Hi, thanks for checking out the tool! For the first question, you'd want to change one of the "Motl2015" entries to another name. Right now the names for both are "Motl2015" and so you could, for instance, change the first entry to:

@Article{Motl2015_Cardiorespiratory,
abstract = {Background There is little known about cardiorespiratory fitness and its association with volumes of the thalamus, hippocampus, and basal ganglia in multiple sclerosis (MS).
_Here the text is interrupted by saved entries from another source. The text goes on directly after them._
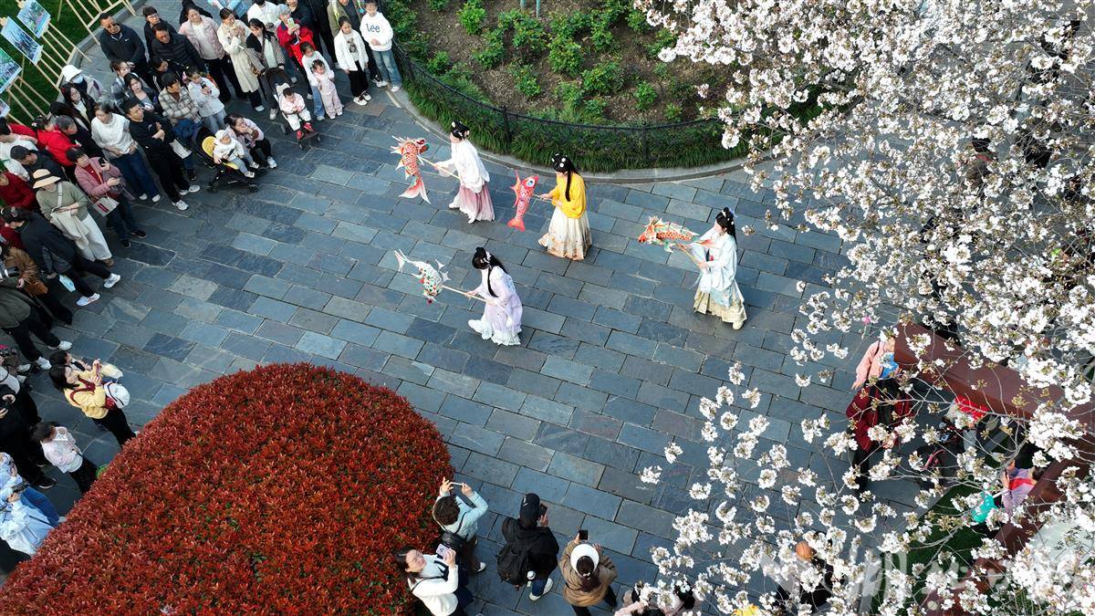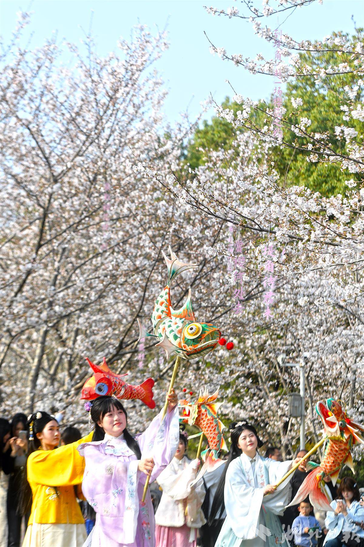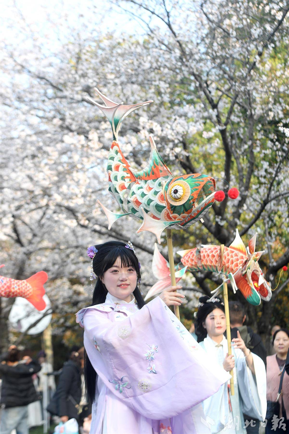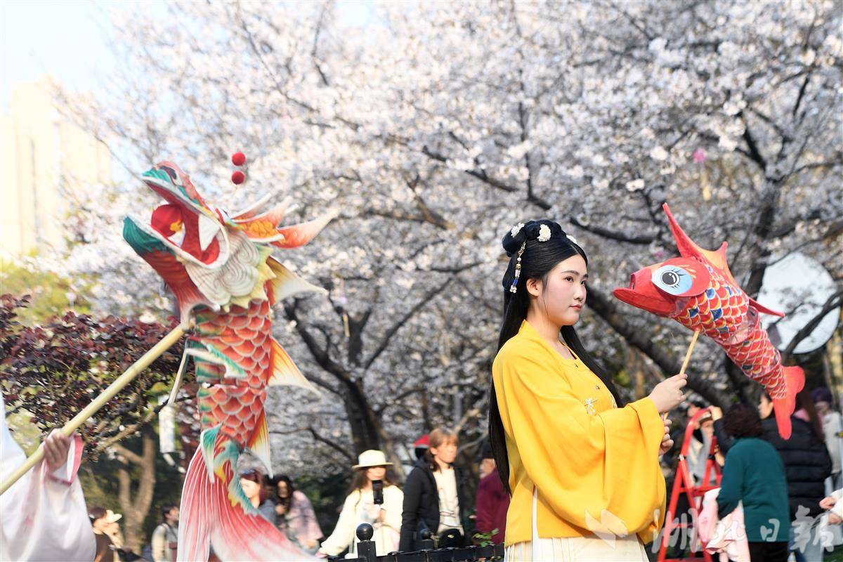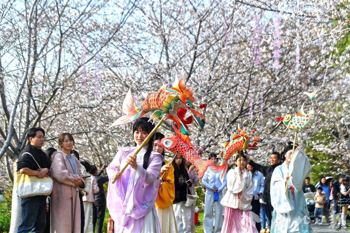 3月21日,武汉堤角公园中樱进入盛花期。身着汉服的角色扮演者手持非遗传承人亲手扎制的非遗鱼灯,尽显非遗与春日的浪漫碰撞。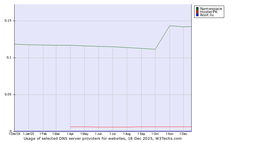 TechnologiesContent ManagementServer-side Languages Client-side Languages JavaScript Libraries CSS Frameworks Web Servers Web Panels Operating Systems Web Hosting Data Centers Reverse Proxies DNS Servers Email Servers SSL Certificate Authorities Content Delivery Traffic Analysis Tools Advertising Networks Tag Managers Social Widgets Site Elements Structured Data Markup Languages Character Encodings Image File Formats Top Level Domains Server Locations Content Languages | Technologies > DNS Servers > Technology usage comparison Comparison of the usage statistics of Namespace vs. HosterPK vs. Root.lu for websitesThis report shows the usage statistics of Namespace vs. HosterPK vs. Root.lu as DNS server provider on the web. See technologies overview for explanations on the methodologies used in the surveys. Our reports are updated daily. UsageThis diagram shows the percentages of websites using the selected technologies. How to read the diagram: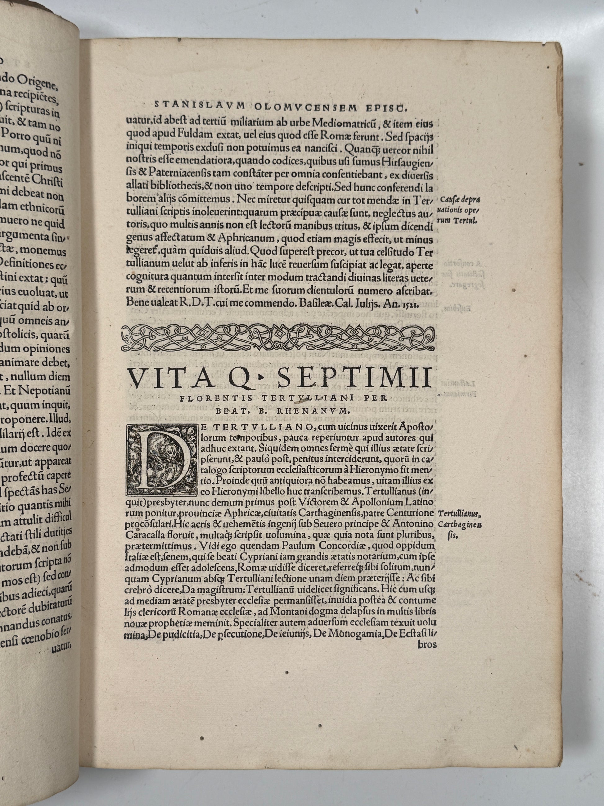 The Works of Tertullian, the first among the Latin writers of the Church, whose writings the blessed Cyprian of old never let a day pass without reading, brought forth from darkness by Beatus Rhenanus of Sélestat […]. Basel: Johannes Froben, 1528, folio.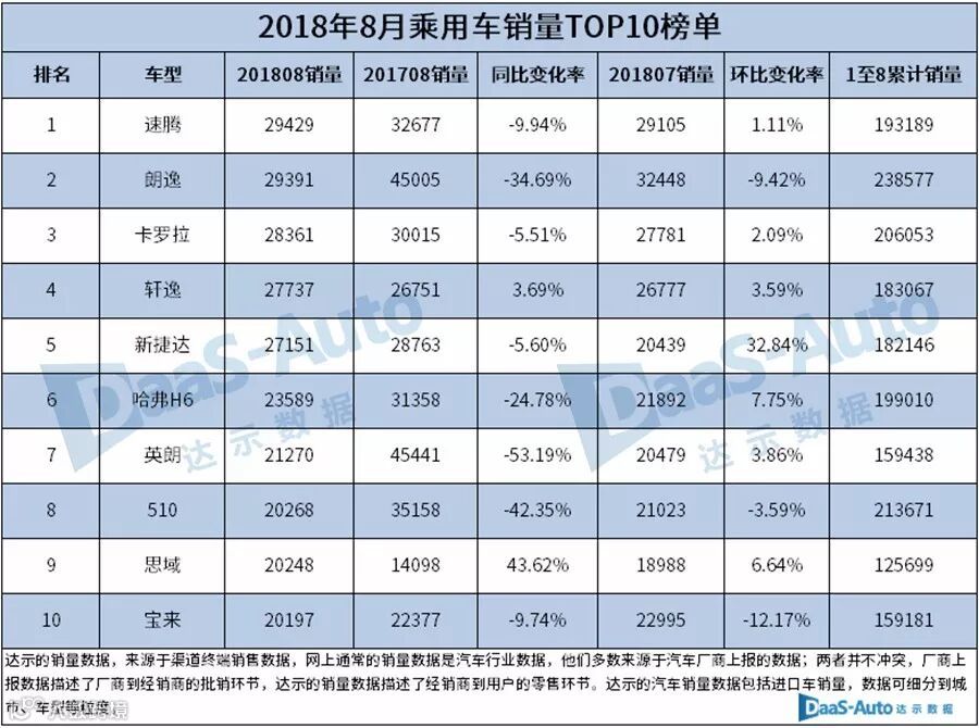 榜单中同比涨幅最大的是本田旗下的思域,同比涨幅为43.62%,8月份以20,248辆的成绩成功进入TOP10,1至8月累计销量为125,699辆。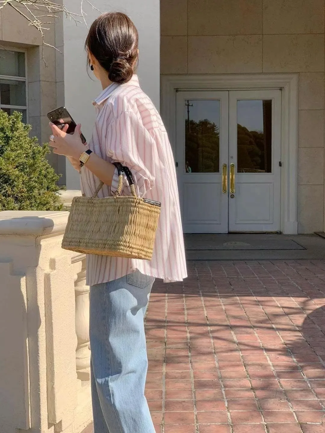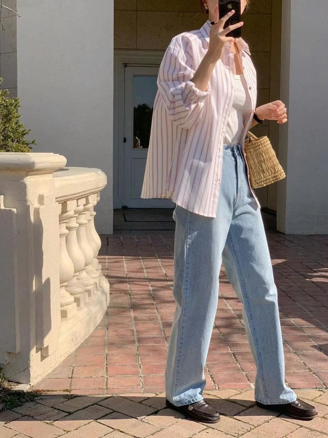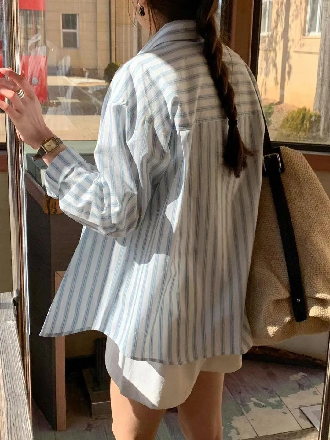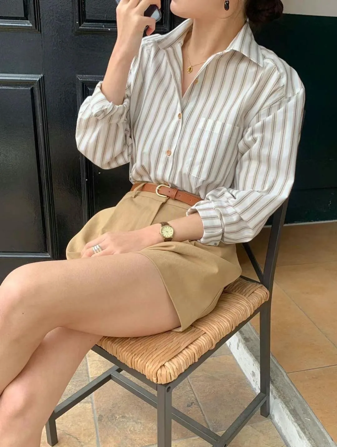 CM519薄款直條紋單口袋襯衫 米 藍 粉 官網價$660 線上價$630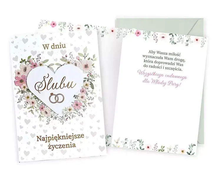 Kartka B6 z ozdobnej serii Dream Cards na ślub - nieduża, ale robi wrażenie dzięki atrakcyjnej kolorystyce i ciekawym zdobieniom.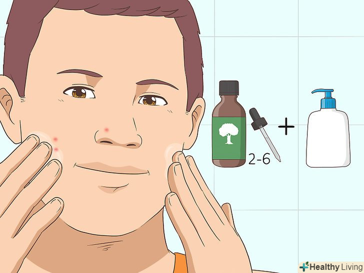 Додайте масло чайного дерева до свого очищаючого або зволожуючого засобу для обличчя. кілька крапель допоможуть впоратися з особливо наполегливими прищами. Додайте від 2 до 6 крапель в залежності від того, наскільки сильним ви хочете зробити засіб. [6]- Слідкуйте за тим, щоб воно не потрапило в очі — масло чайного дерева може викликати біль або печіння.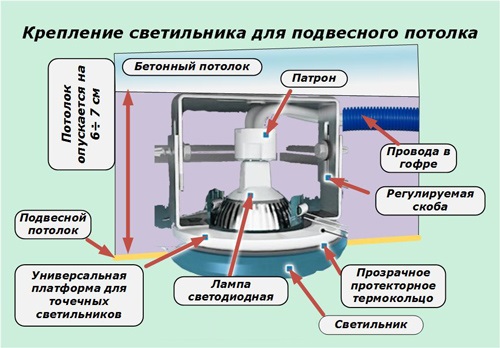 Selon l'apparence et les caractéristiques de conception, l'installation d'un modèle particulier au plafond peut différer. Algorithme de montage du luminaire au plafond :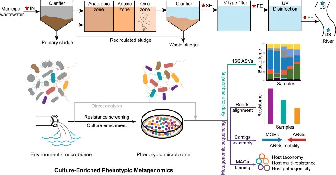 圖1. 本研究提出了表型宏基因組方法學(xué)并應(yīng)用于污水環(huán)境靶標(biāo)耐藥組檢測(cè)。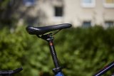 Eine Person misst die Sattelhöhe eines Fahrrades mit einem Maßband.
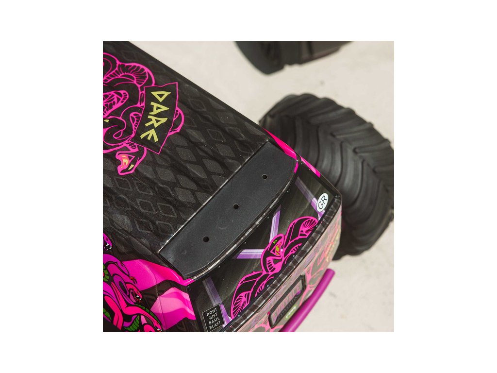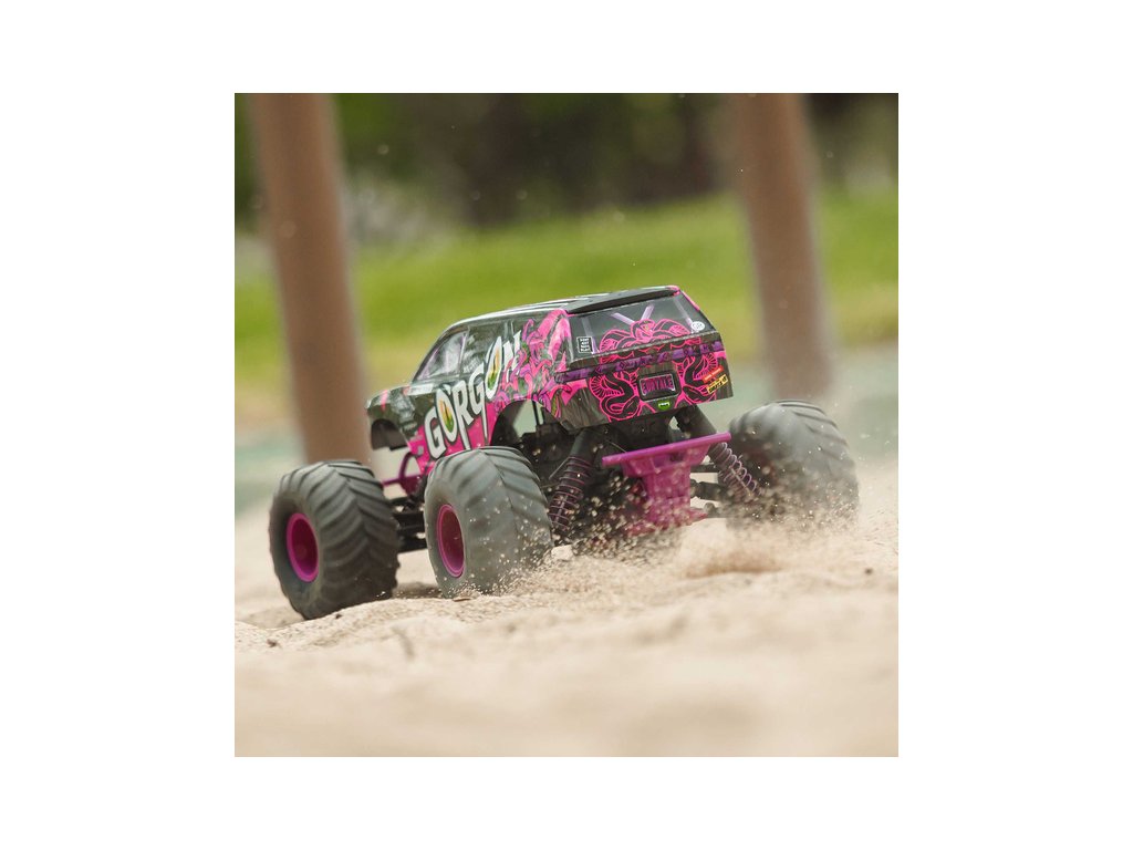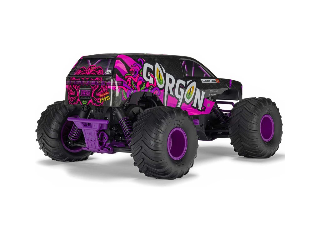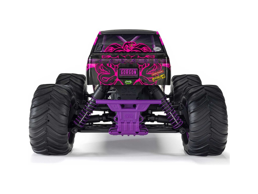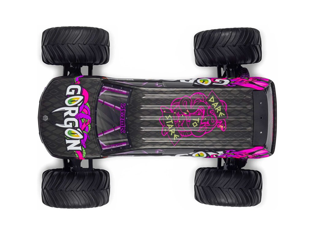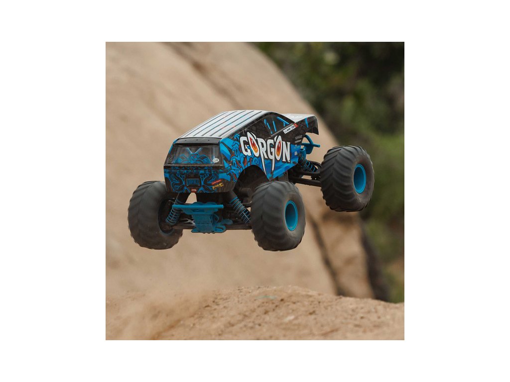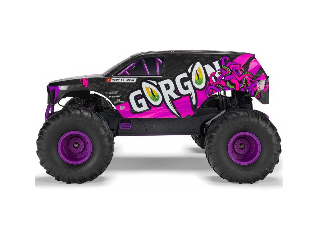Ihned po vybalení přitáhne Gorgon vaši pozornost díky svému originálnímu vzhledu. Karoserie je z výroby dokončena ve velmi atraktivním moderním stylu a je barevně sladěna s jednotlivými díly šasi, jako jsou pružiny, přihrádka na baterii, kluzné desky a nárazníky. Osvědčená technologie ARRMA má díky kompozitnímu šasi vysokou odolnost. Nezávislé zavěšení, olejové tlumiče a nastavitelná světlá výška zajišťují komfortní jízdu. Pro nezastavitelnou trakci přenáší 2WD převodovka výkon ze stejnosměrného motoru MEGA 550 do masivních pneumatik dBoots ® Chevron o rozměru 130mm, nalepených na nylonových discích 57mm. Použité kovové převody jsou dostatečně odolné i pro případný upgrade na střídavý pohon.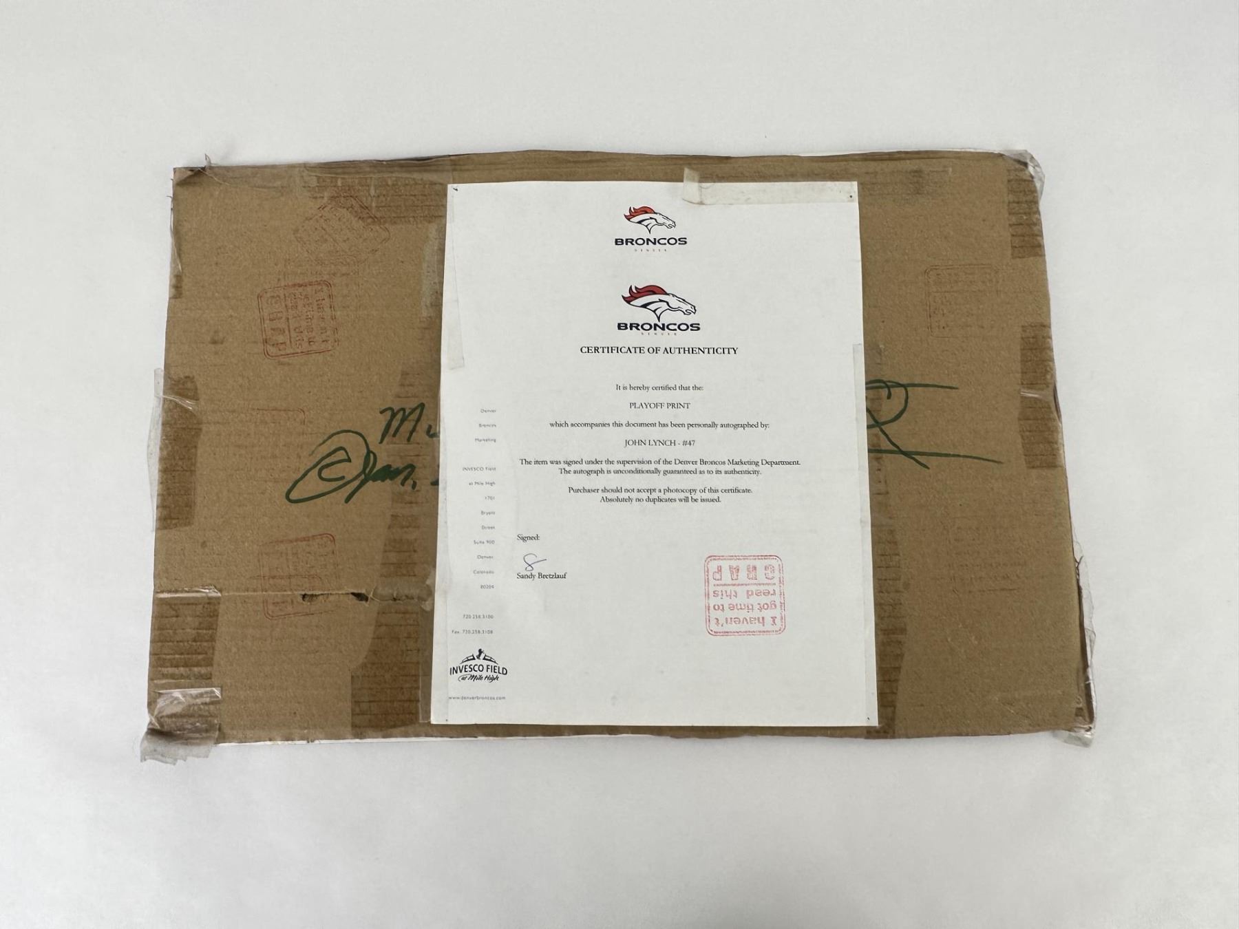 Measures 18 1/2" by 12 1/4". Includes COA.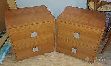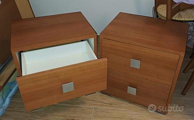 Vendo coppia di comodini color noce. Mis: P 0,35cmx L 0,45cmx H 0,48cm. Praticamente nuovi. 2 cassetti.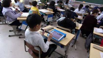 リコーダーの演奏をしていました。冬休みをはさみましたが、しっかり、指使いを覚えている子が多くいました。

Such inquiry is important for identifying a possible behavioral approach (e.g., aerobic exercise training) that might change volumes of deep gray matter (DGM) structures associated with cognitive and motor functions in MS. Purpose This study examined the association between cardiorespiratory fitness and volumes of the thalamus, hippocampus, and basal ganglia in MS. Method We enrolled 35 persons with MS who underwent a maximal exercise test for measuring cardiorespiratory fitness as peak oxygen consumption (VO2peak) and brain MRI. Volumes of the thalamus, hippocampus, caudate, putamen, and pallidum were calculated from 3D T1-weighted structural brain images. We examined associations using partial (pr) correlations controlling for demographic and clinical variables. Results VO2peak was significantly associated with composite scaled volumes of the caudate(pr =.47, p <.01), putamen (pr =.44, p <.05), pallidum (pr =.40, p <.05), and hippocampus (pr =.42, p <.05), but not thalamus (pr =.31, p =.09), when controlling for sex, age, disability, and duration of MS. Conclusion Our results provide novel evidence that cardiorespiratory fitness is associated with volumes of DGM structures that are involved in motor and cognitive functions in MS.},
author = {Robert W. Motl and Lara A. Pilutti and Elizabeth A. Hubbard and Nathan C. Wetter and Jacob J. Sosnoff and Bradley P. Sutton},
doi = {10.1016/j.nicl.2015.02.017},
issn = {22131582},
issue = {March},
journal = {NeuroImage: Clinical},
keywords = {Brain,Exercise,MRI,Multiple sclerosis,Physical activity},
pages = {661-666},
pmid = {25844320},
title = {Cardiorespiratory fitness and its association with thalamic, hippocampal, and basal ganglia volumes in multiple sclerosis},
volume = {7},
year = {2015},
}

After saving this change, the parser will recognize each as unique entries.

Re: the second question thanks for bringing this case to my attention! I believe we coded edge cases to work for surnames with hyphens or two words and other special characters--could you try it hyphenated as "Veldhuijzen-Van-Zanten" or truncated to "Van Zanten?" In the mean time, I'll look into making the code less stringent about the number of words it expects for the surname in our next update. Sorry about that!

micaela349 commented 1 year ago

Hello,

Both solutions worked for me so I thank you very much for your help!!